"Как хрен с лимоном против дижонской горчицы", - ассоциация не заставила себя ждать. Также как очередной "микроскопический", по личным меркам Виктора, глоток коньяка.
Естественный, - чёрта с два! Противоестественный, как не крути, - шок от "переноса" наложился на привыкание к новому телу и периодические поиски, в дальних закутках сознания, следов первоначального "владельца" молодой "оболочки". К счастью, удивляться Виктор разучился ещё четверть века назад, в Афганистане. Жестокая реальность необъявленной войны с неявным, чаще всего, противником, вытравила любые поводы для удивления. Мир с тех пор стал восприниматься как совокупность вводных... "Солдат, не спрашивай", - вот и четвёртый тост подоспел. "А как же третий?" - пробовала возмутиться обыденная часть сознания. "Как-нибудь потом. Если захочу".

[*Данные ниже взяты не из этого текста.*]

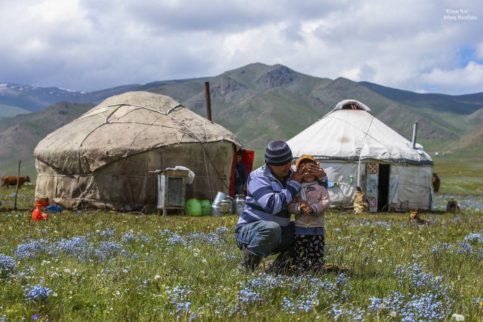 "На фото мужчина поправляет девочке волосы, стараясь причесать ее. Они сюда только приехали. Чабаны начали пригонять скот, благоустраивать жилища. Обычно здесь очень много юрт. В этом году я собираюсь заглянуть к ним снова. Думаю снять документальный очерк о кочевой жизни", - делится собеседник.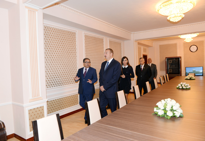 Глава государства и его супруга ознакомились с условиями, созданными в отеле центра. Было сообщено, что в центре на 400 человек созданы все условия для отдыха преподавателей и студентов университета. Комнаты для профессорско-преподавательского состава и студентов отвечают самым современным стандартам. Здесь созданы конференц-залы для проведения различных дебатов и мероприятий. В большом актовом зале созданы все условия для проведения различных мероприятий. Студенты и преподавательский состав могут воспользоваться услугами столовой на 300 мест. Спортивные залы оснащены современным оборудованием. Здесь можно заниматься различными видами спорта, имеются также условия для проведения ряда соревнований. В электронной библиотеке собрано большое количество литературы по различным областям. Кроме того, в учебно-практическом центре отдыха созданы лаборатории по разным направлениям. Все это создает преподавателям и студентам возможность для эффективного проведения производственной практики, организации местных и международных мероприятий.
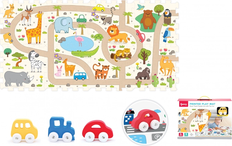 Ανακαλύψτε διασκεδαστικό και ασφαλές παιχνίδι με αυτό το σετ μαλακών τουβλακίων και σαφάρι αυτοκινητακίου. Το σετ περιλαμβάνει 8 μαλακά τουβλάκια διαστάσεων 31,5 × 31,5 × 1 cm και αυτοκινητάκι με ελεύθερα κινούμενους τροχούς, που ενισχύει τη δημιουργικότητα, τη λεπτή κινητικότητα και το ασφαλές παιχνίδι στο σπίτι ή στον παιδικό σταθμό/νηπιαγωγείο.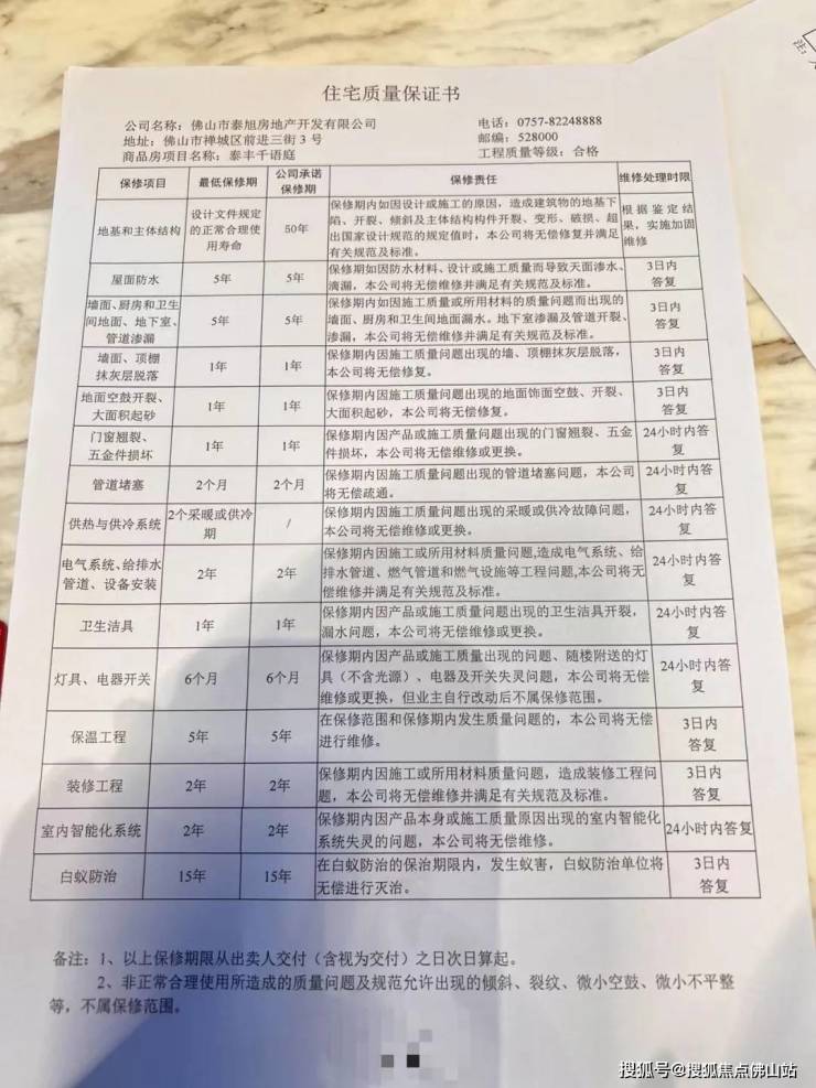 项目的《住宅质量保证书》清晰标记,房面漏水承诺保修期5年,维修处理时间3日内答复。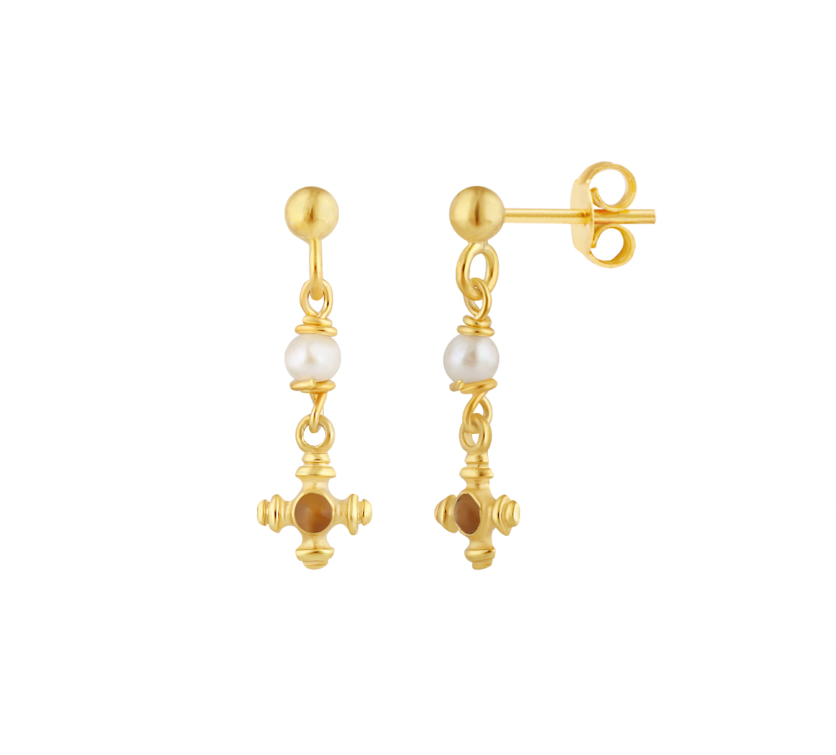 Make a bold statement with these 14k gold-plated cross drop earrings, expertly crafted with recycled sterling silver for a luxurious yet sustainable design. Featuring intricate textures, a luminous pearl accent, and a striking center detail, these earrings embody elegance with a touch of drama.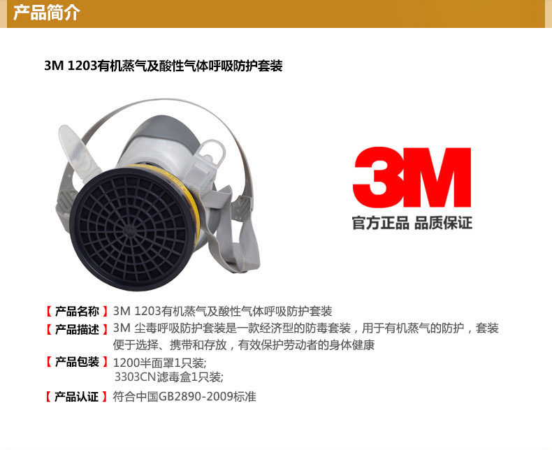 3M 1203有机及酸性气体呼吸防护组合

"За Самуила Гершевича Гинзбурга. За настоящего мужика, нашедшего единственно правильный выход. Земля пухом тебе, капитан"[113].- Виктор махнул ещё глоток из горла. Соседей по купе не имелось, и некому было удивиться молодому - пожалуй, на чей-то взгляд. даже слегка лощёному мужчине, пьющему прямо из горлышка бутылки коньяк и отчего-то часто моргающему, словно в глазах у него щиплет от нестерпимого желания плакать. Плакать... от вынужденной своей жестокости, от безысходности чужого, не своего, бытия, от обречённости правильного, но тоже чужого, выбора.
Как Кривицкий ухитрился освободить одну - правую - руку, Виктор не отследил. Также как не успел он остановить прыжок резидента вместе с креслом к столу, где лежал пистолет обойму которого, как и патрон из патронника, Виктор по счастью, успел вытащить от греха подальше. Оставалось только изумлённо смотреть как человек, несущий, как ему казалось, на себе неподъёмный груз - ещё не свершившегося и только что состоявшегося - предательств, почти сладостно, с непередаваемо злобной улыбкой, направляет ствол в его, Виктора, сторону и нажимает спусковой крючок.
Сухой щелчок затвора произвёл разительные перемены в лице "товарища Вальтера". Злобное торжество сменилось даже не недоумением, но обречённой решимостью. Резидент изогнул шею, поднёс свободной рукой угол воротника рубашки ко рту и резко сомкнул зубы. Доля секунды прошла, прежде чем разом обмякшее тело упало на пол.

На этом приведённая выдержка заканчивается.